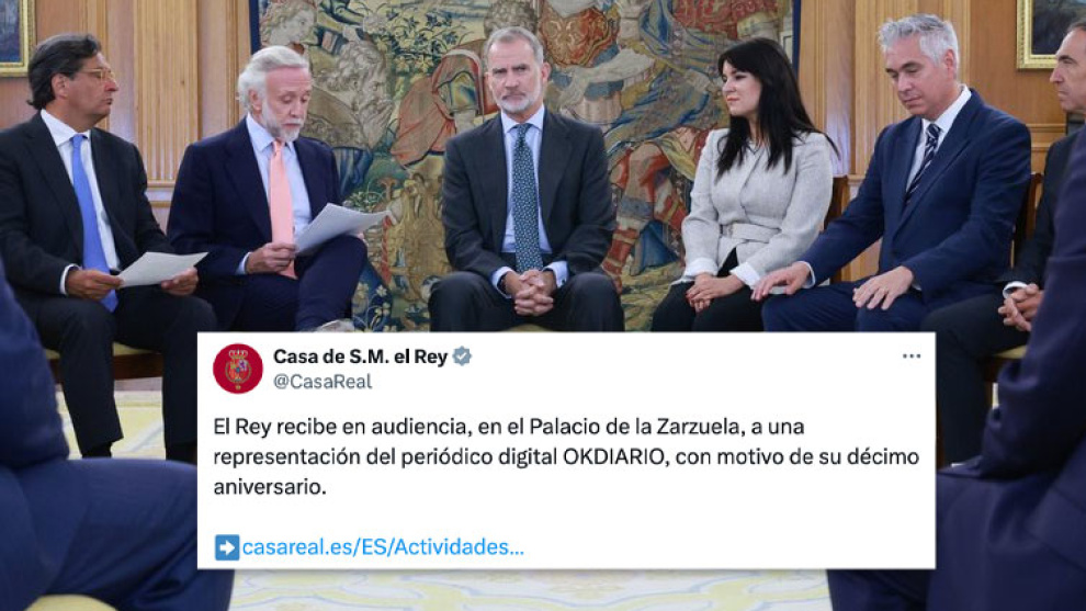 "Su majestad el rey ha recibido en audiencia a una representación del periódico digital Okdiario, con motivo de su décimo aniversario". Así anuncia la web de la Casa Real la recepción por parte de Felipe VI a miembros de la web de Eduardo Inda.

==

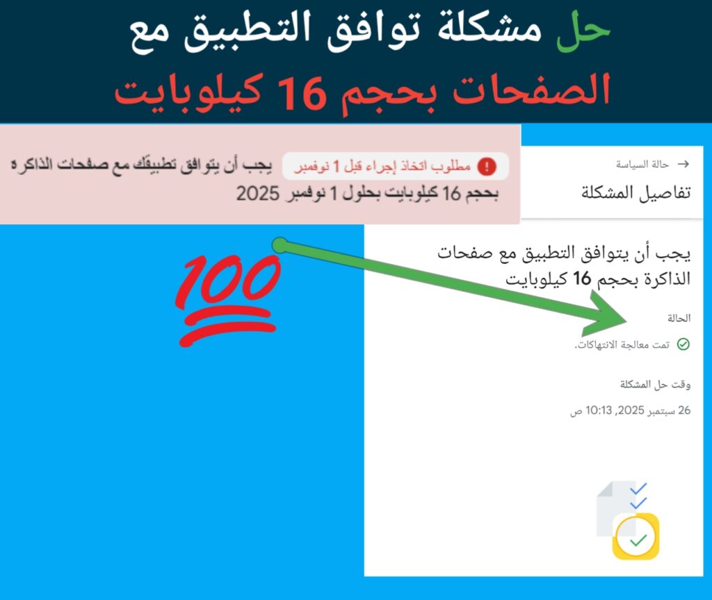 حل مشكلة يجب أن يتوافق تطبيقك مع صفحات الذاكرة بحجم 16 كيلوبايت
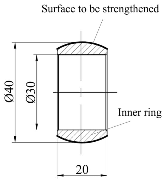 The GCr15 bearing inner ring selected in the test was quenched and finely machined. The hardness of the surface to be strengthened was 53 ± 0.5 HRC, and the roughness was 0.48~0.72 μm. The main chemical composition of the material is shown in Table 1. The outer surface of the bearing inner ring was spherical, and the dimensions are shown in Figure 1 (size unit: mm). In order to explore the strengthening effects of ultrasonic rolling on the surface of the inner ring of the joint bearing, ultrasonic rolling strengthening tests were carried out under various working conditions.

WORK REQUEST:
Look above for the line containing "حل مشكلة يجب", then write out every line from there down to the line containing "The GCr15 bearing", that line included, with no pictures.

TASK ANSWER:
 حل مشكلة يجب أن يتوافق تطبيقك مع صفحات الذاكرة بحجم 16 كيلوبايت
 The GCr15 bearing inner ring selected in the test was quenched and finely machined. The hardness of the surface to be strengthened was 53 ± 0.5 HRC, and the roughness was 0.48~0.72 μm. The main chemical composition of the material is shown in Table 1. The outer surface of the bearing inner ring was spherical, and the dimensions are shown in Figure 1 (size unit: mm). In order to explore the strengthening effects of ultrasonic rolling on the surface of the inner ring of the joint bearing, ultrasonic rolling strengthening tests were carried out under various working conditions.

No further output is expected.